While the US Government continues to flop around like a fish
on a pier trying to figure out what is influence warfare on the grand scale and
to coordinate all operational levels and departments, Russia is already
dominating the influence war with false information.
The NY Times of August 28, 2016 ran “A Powerful Russian
Weapon: The Spread of False Stories”, see: http://www.nytimes.com/2016/08/29/world/europe/russia-sweden-disinformation.html?ref=world&_r=0,
which is also the photo source.)
The Russians are no newcomer to the influence war having
capitalized on misleading and accurate information to befuddle NATO, the EU and
others. The Russians recognize that different mediums are complimentary and are
well versed in employing complementary media such as Internet trolls to
propaganda not to mention their own news bureaus.
There is no shortage of good examples. The Ukraine and the
flight of Malaysia Airlines Flight 17 was one. A story about immigrant violence
in Germany is another good example cited by the article.
The article concludes, appropriately enough with a quote
from Dimitry Kiselyev, a popular Russian TV anchor, see: (Dimitry Kiselev is
Redefining the Art of Russian Propaganda” at https://newrepublic.com/article/118438/dmitry-kiselev-putins-favorite-tv-host-russias-top-propogandist,
the second photo source. “Today, it is much more costly to kill
one enemy soldier than during World War II, World War I or in the Middle Ages,”
he said in an interview (https://www.youtube.com/watch?v=pQErhwknhp4 -n Russian) on the state-run Rossiya 24
network.
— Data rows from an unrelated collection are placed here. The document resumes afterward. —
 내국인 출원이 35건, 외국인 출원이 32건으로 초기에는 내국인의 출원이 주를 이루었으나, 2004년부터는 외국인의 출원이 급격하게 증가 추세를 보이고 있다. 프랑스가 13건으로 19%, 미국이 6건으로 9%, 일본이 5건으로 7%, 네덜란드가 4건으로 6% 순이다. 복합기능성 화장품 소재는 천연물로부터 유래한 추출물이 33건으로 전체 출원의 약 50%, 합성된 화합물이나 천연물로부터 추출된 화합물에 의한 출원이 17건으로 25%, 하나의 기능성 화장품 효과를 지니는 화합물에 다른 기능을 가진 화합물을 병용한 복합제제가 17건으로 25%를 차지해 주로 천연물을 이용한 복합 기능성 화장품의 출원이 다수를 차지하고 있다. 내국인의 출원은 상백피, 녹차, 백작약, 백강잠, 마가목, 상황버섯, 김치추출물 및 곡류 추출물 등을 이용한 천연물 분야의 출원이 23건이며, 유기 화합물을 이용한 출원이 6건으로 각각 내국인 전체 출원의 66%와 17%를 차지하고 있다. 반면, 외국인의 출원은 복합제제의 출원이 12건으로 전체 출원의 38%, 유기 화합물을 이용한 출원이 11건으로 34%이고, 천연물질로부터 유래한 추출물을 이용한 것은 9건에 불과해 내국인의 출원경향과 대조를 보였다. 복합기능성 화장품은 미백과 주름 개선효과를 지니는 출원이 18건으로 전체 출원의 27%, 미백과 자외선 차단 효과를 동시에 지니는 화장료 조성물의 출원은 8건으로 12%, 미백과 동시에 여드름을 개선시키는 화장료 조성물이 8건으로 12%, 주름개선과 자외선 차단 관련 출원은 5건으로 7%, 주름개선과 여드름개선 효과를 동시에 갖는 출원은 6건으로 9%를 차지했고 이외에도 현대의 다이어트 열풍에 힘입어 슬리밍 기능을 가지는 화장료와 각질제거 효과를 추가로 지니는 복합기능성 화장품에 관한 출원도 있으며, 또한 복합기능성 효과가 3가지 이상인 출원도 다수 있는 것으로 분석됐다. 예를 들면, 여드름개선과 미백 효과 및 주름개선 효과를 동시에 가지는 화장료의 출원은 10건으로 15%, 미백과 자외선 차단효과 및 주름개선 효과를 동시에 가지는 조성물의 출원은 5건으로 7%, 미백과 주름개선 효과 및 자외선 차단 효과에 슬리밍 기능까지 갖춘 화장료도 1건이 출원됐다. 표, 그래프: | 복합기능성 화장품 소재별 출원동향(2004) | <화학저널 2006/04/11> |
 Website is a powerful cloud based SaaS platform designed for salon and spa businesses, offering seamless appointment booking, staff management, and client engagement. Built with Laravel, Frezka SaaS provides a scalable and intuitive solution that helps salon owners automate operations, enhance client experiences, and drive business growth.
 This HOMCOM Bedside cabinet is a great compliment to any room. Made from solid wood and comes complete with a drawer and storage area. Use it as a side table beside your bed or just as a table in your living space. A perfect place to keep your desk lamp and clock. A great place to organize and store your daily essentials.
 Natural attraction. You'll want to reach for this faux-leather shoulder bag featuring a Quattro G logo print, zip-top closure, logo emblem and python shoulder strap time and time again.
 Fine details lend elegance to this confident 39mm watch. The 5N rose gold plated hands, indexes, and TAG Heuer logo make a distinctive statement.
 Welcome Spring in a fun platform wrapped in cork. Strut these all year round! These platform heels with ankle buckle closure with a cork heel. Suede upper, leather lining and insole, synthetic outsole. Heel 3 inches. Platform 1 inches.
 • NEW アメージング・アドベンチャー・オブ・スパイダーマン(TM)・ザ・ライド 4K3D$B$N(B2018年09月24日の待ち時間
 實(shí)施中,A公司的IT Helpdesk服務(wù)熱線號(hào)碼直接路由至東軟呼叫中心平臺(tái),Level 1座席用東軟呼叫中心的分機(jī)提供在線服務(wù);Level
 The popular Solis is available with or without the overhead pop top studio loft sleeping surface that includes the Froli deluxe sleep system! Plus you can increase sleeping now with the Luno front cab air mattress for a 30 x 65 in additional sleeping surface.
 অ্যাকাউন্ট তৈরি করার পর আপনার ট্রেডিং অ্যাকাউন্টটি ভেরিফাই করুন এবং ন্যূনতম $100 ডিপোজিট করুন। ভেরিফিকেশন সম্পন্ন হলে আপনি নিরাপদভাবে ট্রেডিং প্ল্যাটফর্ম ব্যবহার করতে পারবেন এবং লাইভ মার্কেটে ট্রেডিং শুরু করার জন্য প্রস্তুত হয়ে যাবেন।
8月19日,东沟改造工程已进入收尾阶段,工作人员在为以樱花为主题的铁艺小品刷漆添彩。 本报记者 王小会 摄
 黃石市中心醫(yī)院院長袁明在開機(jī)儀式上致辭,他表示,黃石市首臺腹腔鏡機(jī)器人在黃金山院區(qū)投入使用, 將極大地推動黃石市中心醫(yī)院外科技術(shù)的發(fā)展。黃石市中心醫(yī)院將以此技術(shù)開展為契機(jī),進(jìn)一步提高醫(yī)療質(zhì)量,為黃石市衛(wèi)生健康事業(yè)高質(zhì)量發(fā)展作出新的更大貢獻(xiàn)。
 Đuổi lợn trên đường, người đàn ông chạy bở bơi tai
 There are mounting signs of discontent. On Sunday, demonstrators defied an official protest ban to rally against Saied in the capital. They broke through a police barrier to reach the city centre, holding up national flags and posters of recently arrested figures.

While the business of “persuasion” is more expensive now, too, he
said, “if you can persuade a person, you don’t need to kill him.”
Perhaps the new administration, having
waged multi-media; social media and traditional media campaigns will be more
aware of the cost effectiveness of the influence weapon and will orchestrate
the change needed for the US to not only counter other national efforts such as
the Russian, but to take the influence high ground.